A transposed convolution is somewhat similar because it produces the same spatial resolution a hypothetical deconvolutional layer would. However, the actual mathematical operation that’s being performed on the values is different.
A transposed convolutional layer carries out a regular convolution but reverts its spatial transformation.

tf.keras.layers.Conv2DTranspose(filters, kernel_size, strides, padding = 'SAME', activation)


    filter = number of channels/ 64
    kernel_size = tensor of shape (3,3)
    strides = stride of the sliding window for each dimension of the input tensor
    padding = 'SAME'
    activation = activation functions('softmax', 'relu' ...)

'SAME' : enable zero padding
'VALID' : disable zero padding

An image of 5x5 is fed into a convolutional layer. The stride is set to 2, the padding is deactivated and the kernel is 3x3. This results in a 2x2 image.

2D convolution with no padding, no stride and kernel of 3

If we wanted to reverse this process, we’d need the inverse mathematical operation so that 9 values are generated from each pixel we input. Afterward, we traverse the output image with a stride of 2. This would be a deconvolution.

A transposed convolution does not do that. The only thing in common is it guarantees that the output will be a 5x5 image as well, while still performing a normal convolution operation. To achieve this, we need to perform some fancy padding on the input.

Transposed 2D convolution with no padding, stride of 2 and kernel of 3

It merely reconstructs the spatial resolution from before and performs a convolution. This may not be the mathematical inverse, but for Encoder-Decoder architectures, it’s still very helpful. This way we can combine the upscaling of an image with a convolution, instead of doing two separate processes.

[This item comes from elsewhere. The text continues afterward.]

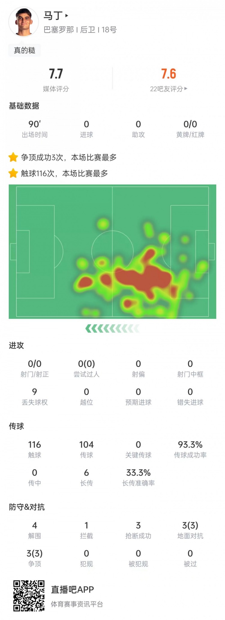 馬丁本場(chǎng)比賽數(shù)據(jù):
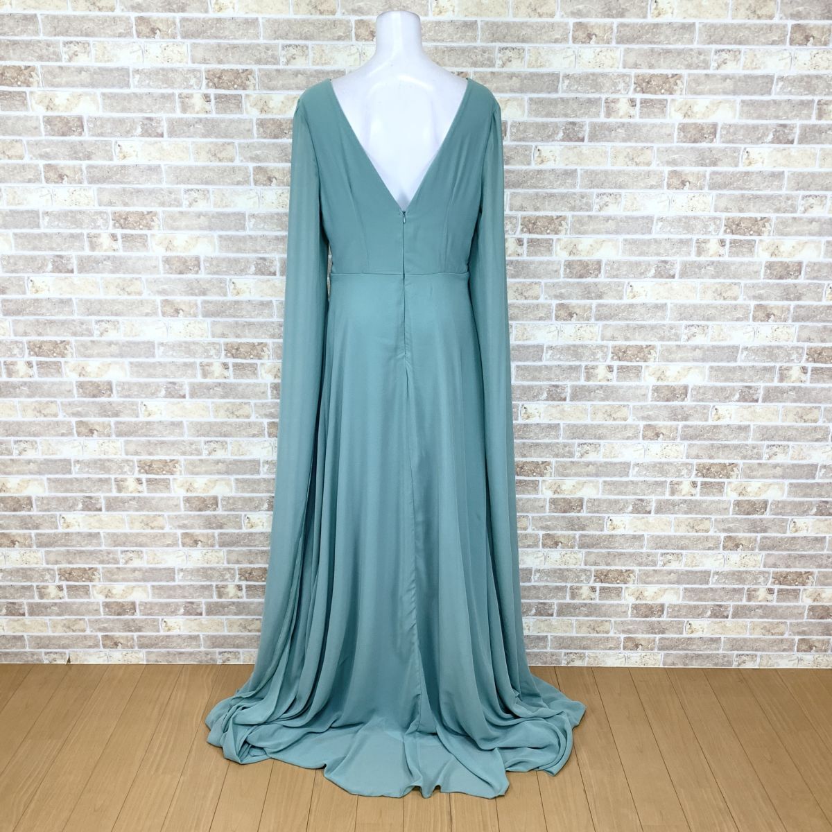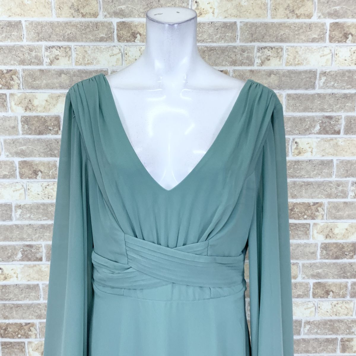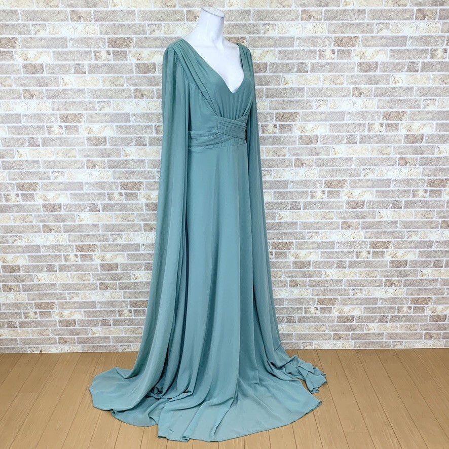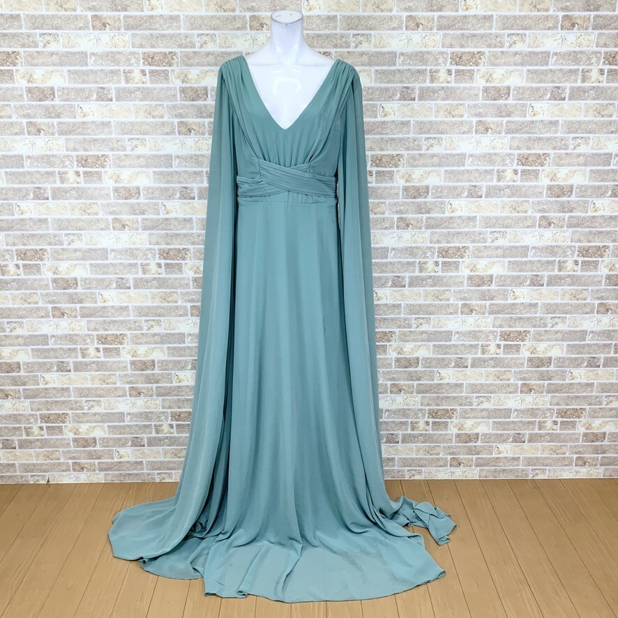 1円 ドレス FAERIESTY 舞台衣装長袖ロングドレス L 緑系 ステージ衣装 カラードレス 発表会 イベント 中古14501

Another example of transposed convolution

Transposed 2D convolution with no padding, no stride and kernel of 3

Strides and padding for transposed convolution (optional)

Source
- A guide to convolution arithmetic for deep learning by Vincent Dumoulin and Francesco Visin
- https://github.com/vdumoulin/conv_arithmetic

3. Lab: Convolutional Autoencoder (CAE)¶

A transposed 2-D convolution layer upsamples feature maps.

This layer is sometimes incorrectly known as a "deconvolution" or "deconv" layer. This layer is the transpose of convolution and does not perform deconvolution.

%%html
<center><iframe src="https://www.youtube.com/embed/nTt_ajul8NY?start=725" 
width="560" height="315" frameborder="0" allowfullscreen></iframe></center>

3.1. Import Library¶

import numpy as np
import matplotlib.pyplot as plt
import tensorflow as tf
%matplotlib inline

3.2. Load MNIST Data¶

# Load Data

mnist = tf.keras.datasets.mnist
(train_imgs, train_labels), (test_imgs, test_labels) = mnist.load_data()

train_imgs, test_imgs = train_imgs/255.0, test_imgs/255.0

Only use (1, 5, 6) digits to visualize latent space in 2-D

# Use Only 1,5,6 Digits to Visualize

train_x = train_imgs[np.hstack([np.where(train_labels == 1), 
                                np.where(train_labels == 5), 
                                np.where(train_labels == 6)])][0]
train_y = train_labels[np.hstack([np.where(train_labels == 1),
                                  np.where(train_labels == 5),
                                  np.where(train_labels == 6)])][0]
test_x = test_imgs[np.hstack([np.where(test_labels == 1), 
                              np.where(test_labels == 5), 
                              np.where(test_labels == 6)])][0]
test_y = test_labels[np.hstack([np.where(test_labels == 1), 
                                np.where(test_labels == 5), 
                                np.where(test_labels == 6)])][0]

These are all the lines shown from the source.